Apollo and his band of hero friends star in Apollo Gauntlet, which premieres Sunday, July 9 at 12:15 a.m. on Adult Swim. Image courtesy of Adult Swim.

Adult Swim is set to premiere its newest animated series, Apollo Gauntlet, Sunday, July 9 at 12:15 a.m. The 15-minute show centers on Paul Cassidy, a police officer who is transported to another world by Dr. Benign (cue the evil music). As an intergalactic crime fighter, newly dubbed Apollo Gauntlet, this everyday police officer becomes a superhero with his own magical suit.

The show is the brainchild of Myles Langlois, who started the series on YouTube, using his own self-taught animation skills. That series caught the attention of production company Six Point Harness and director Greg Franklin, and now the Adult Swim series is ready to premiere.

“I didn’t know anything,” Langlois said of his early animation days. “Like, it was so hard to film a movie. I mean, I did it one time — but just gathering all the actors and things. So I just decided doing an animated show would be easier, so I can do everything myself. So I just sat down, and learned animation, and tried out different programs and everything, and eventually came up with Apollo Gauntlet.”

Franklin found out about Langlois’ YouTube work from a mutual friend who passed around links to the web series. “I and all my colleagues at Six Point just immediately fell in love with it,” Franklin said. “It was a totally unique voice, really strong point of view, really funny and just really different.”

The Six Point team tracked down Langlois, who wasn’t “an easy guy to find” in Canada. The team helped him develop Apollo Gauntlet into a show for the company’s YouTube channel, and Adult Swim came onboard shortly thereafter.

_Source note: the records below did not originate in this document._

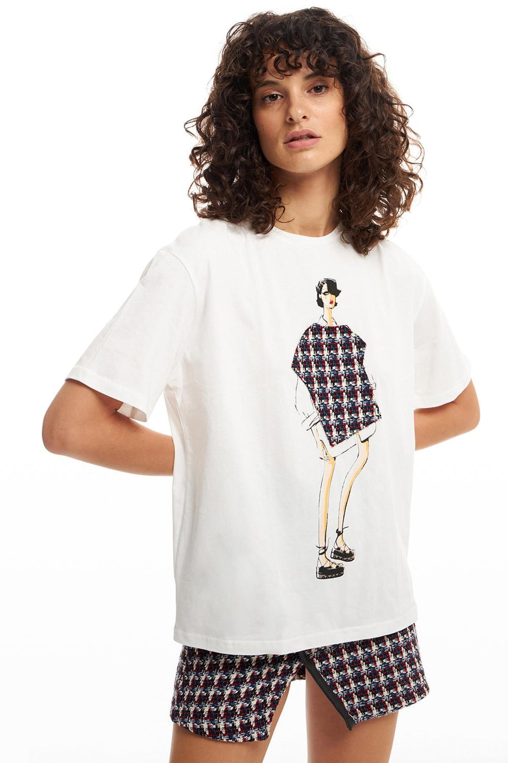 100% cotton T-shirt with a round neckline, short sleeves, oversized cut, embroidery on the front.
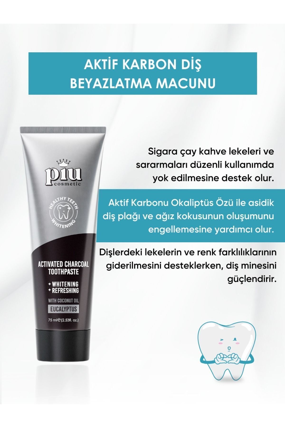 Piu Cosmetic Aktif Karbon Diş Beyazlatma Macunu 75 ml Piu Cosmetic Aktif Karbon Diş Macunu daha beyazdişlere ve ferah bir nefese kavuşmak isteyenler için tasarlanmıştır. Düzenlikullanıma beyaz dişlere ve ferahlık hissine kavuşmanızı sağlar. Özellikle yemek ve kahveden sigaradan kaynaklananlekeleri gidermeye yardımcıdır Aktif Karbon Diş Beyazlatıcı Macun, okaliptüs vehindistan cevizi yağı sayesinde
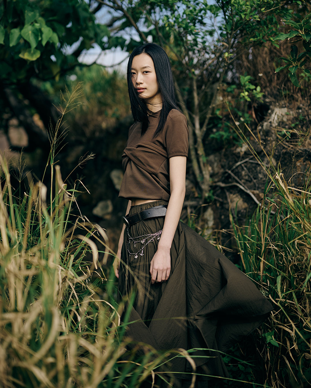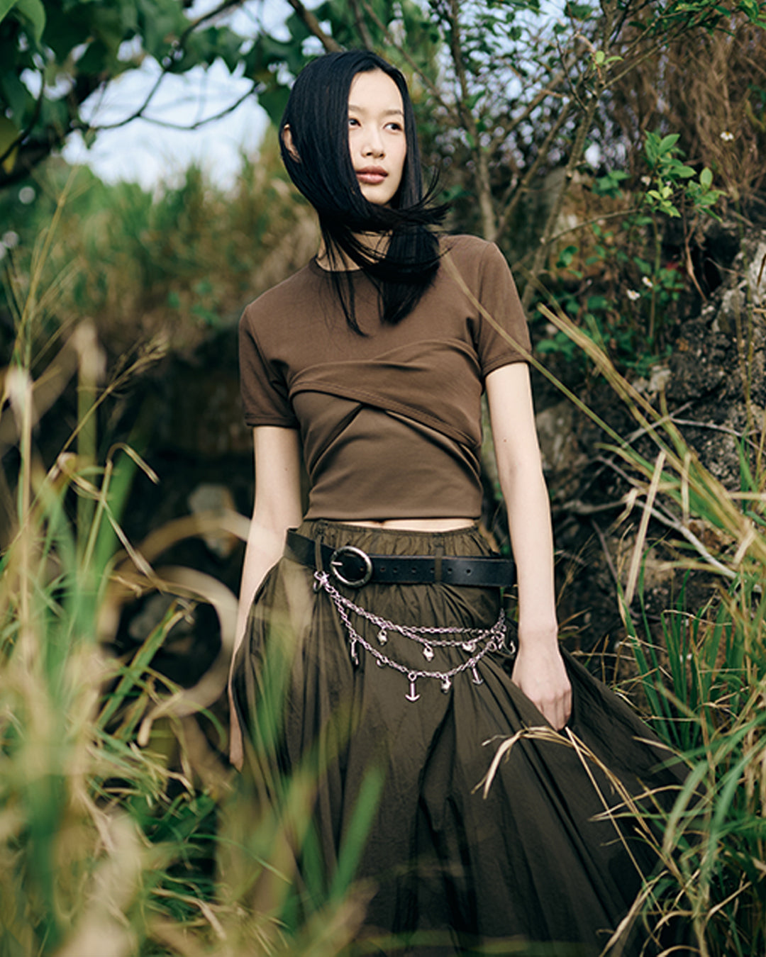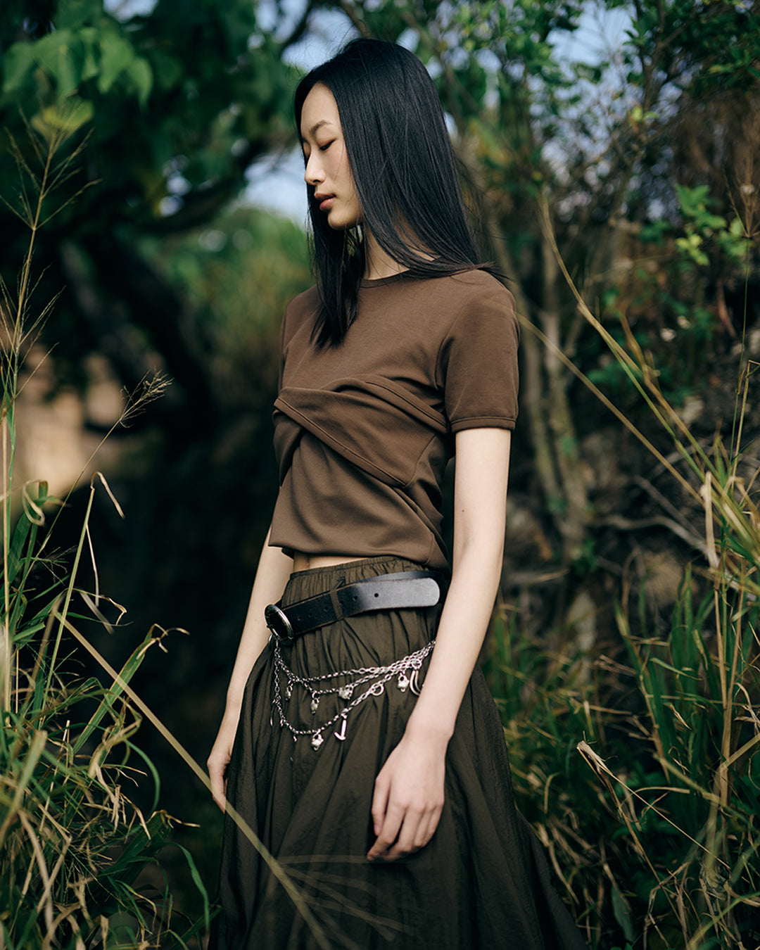 This expertly crafted brown jersey Flip flap tee presents an extended silhouette with a distinctive twisted ribbon-like panel adorning the front bottom hem. The innovative design allows wearers to fold the lower portion upward to chest height, transforming the garment into a sophisticated double-layered configuration for enhanced styling versatility.
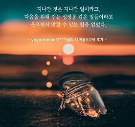 퇴직금으로 떠난 여행과 내마음보고서 미국 여행 끝에 돌아온 나를 기다린 '내마음보고서'. 나의 심리코드들을 엮어서 보니 사표를 마음에 품고 참으며 살아온 나의 회사생활이 보였다. 나의 지나간 것들을 원망도 해보고 탓도 해보고 그리워도 해봤지만 부정할 수는 없었다. 지나간 것은 지나간 일이라고, 다음을 위해 겪는 성장통 같은 일들이라고 웃으면서 말할 수 있는 힘을 얻었다. 내마음보고서 속 '심리처방전'이 이시영의 이란 시를 빌려 '두고온 것들이 빛나는 때가 있다'고 전한 것처럼. 그 어떤 문장으로도 나 자신에 대해 온전히 쓸 수 없던 나에게 '너는 이런 사람이란다'라고 일러준 내마음보고서. 그 덕분에 다음을 향한 발걸음이 조금 더 가벼워진 것 같다. - yogorism(deli****)님의 내마음보고서 후기 후기 더 보러가기 https://.. 더보기 이전 1 ··· 413 414 415 416 417 418 419 ··· 1128 다음
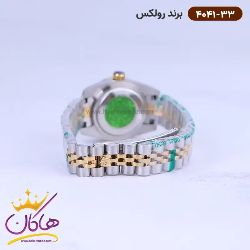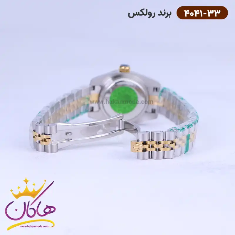 در خرید ساعت رولکس زنانه فلزی، توجه داشته باشید که از نظر قیمت در حد متوسط و از نظر کیفیت از بهترین نمونه های ساعت “های کپی” است. موتور این ساعت ساخت ژاپن و از نوع کوارتز است. این مدل ساعت عقربه‌ای زنانه جدید، تک موتوره است و چون موتور تمام انرژی خود را فقط صرف چرخاندن عقربه‌ها می‌کند، هم موتور و هم باتری طول عمر بیشتری دارند. ساعت رولکس زنانه فلزی دیت جاست نقره ای طلایی 4041/33 دارای استاندارد 3 ATM است یعنی تا حد شستشوی دست‌ها ضدآب است. داشتن یک‌سال گارانتی موتور و پنج سال ضمانت تعویض باتری از دیگر دلایل محبوبیت این ساعت مچی است. این ساعت بیشتر برای استایل کژوال و استفاده روزانه مناسب است، پس با خیال راحت آن را به دست بیندازید و به مهمانی، خرید یا دانشگاه بروید.
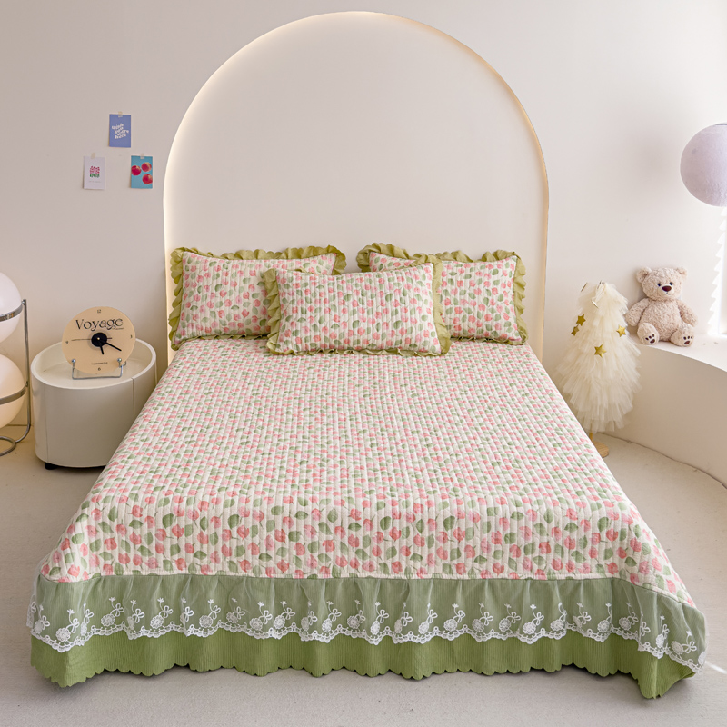 2024直播爆款泡泡棉床盖款四件套双层蕾丝花边夹棉床裙款三件套 晨曦
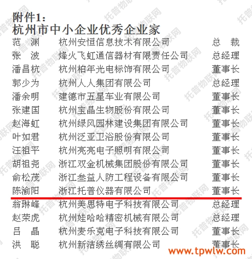 2014年12月5日圖為:杭州市中小企業優秀企業家名單

Besides Six Point’s love for the project, there was another deciding factor to confirm this professional marriage. “We also connected through our mutual interest in old-school wrestling,” Langlois said with a laugh. “It’s surprising how many people are into wrestling at the studio actually.”

Franklin added: “It is true. We all share that, and it strengthened our creative bond.”

Langlois: “Our love of Randy ‘Macho Man’ Savage.”

Old-style professional wrestling is only one of the influences of Apollo Gauntlet, which also pulls lovingly from B-movies in the middle of the 20th century and local television. Adult Swim bills the series as being inspired by He-Man, Mystery Science Theater 3000 and David Lynch. That’s an animated gumbo that’s probably never seen the TV airwaves before.

On the development front, the character of Apollo Gauntlet / Cassidy came much later in the process for Langlois. “I started in the middle of the series almost where Apollo Gauntlet had been wandering around in this weird world, and then I later went back and told the origin story of it,” he said. “So, yeah, Paul Cassidy came much later, about halfway through the series. I just wanted to establish this guy from Earth trapped in this other world that was hostile and strange, and then at some point, I thought, oh, it would be neat to go back now and explain it. So I ended up doing the origin about halfway through the series.”

THE JUMP TO TV

Transitioning to Adult Swim has been somewhat easy for the web project. For starters, Langlois’ original running time almost perfectly matches the 15-minute duration needed for the network. Truth be told, Langlois’ writing style sometimes drifts longer than what is needed, but during the editing process, he’s able to cut the content and only include the “prime stuff.”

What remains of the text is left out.